Table of Contents

Class M5ModelTreeOptions

Namespace
AiDotNet.Models.Options
Assembly
AiDotNet.dll

Configuration options for the M5 Model Tree algorithm, which combines decision trees with linear regression models at the leaf nodes.

public class M5ModelTreeOptions : DecisionTreeOptions
Inheritance
M5ModelTreeOptions
Inherited Members

Remarks

The M5 Model Tree is an extension of decision trees for regression problems, originally proposed by Quinlan. Unlike traditional regression trees that store a constant value at each leaf, M5 Model Trees fit a multivariate linear regression model at each leaf node.

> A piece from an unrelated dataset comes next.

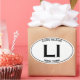 This Euro style oval sticker includes the letters "LI" as well as subtitles "LONG ISLAND" and "NEW YORK". Long Island is known for its beaches, sharks, saltwater fishing, and other attractions.

This combination allows the algorithm to model both non-linear and linear relationships in the data efficiently. The algorithm includes pruning mechanisms to prevent overfitting and smoothing techniques to improve predictions at the boundaries between different linear models.

For Beginners: The M5 Model Tree is a powerful algorithm that combines two approaches to make predictions about continuous values (like prices, temperatures, or heights).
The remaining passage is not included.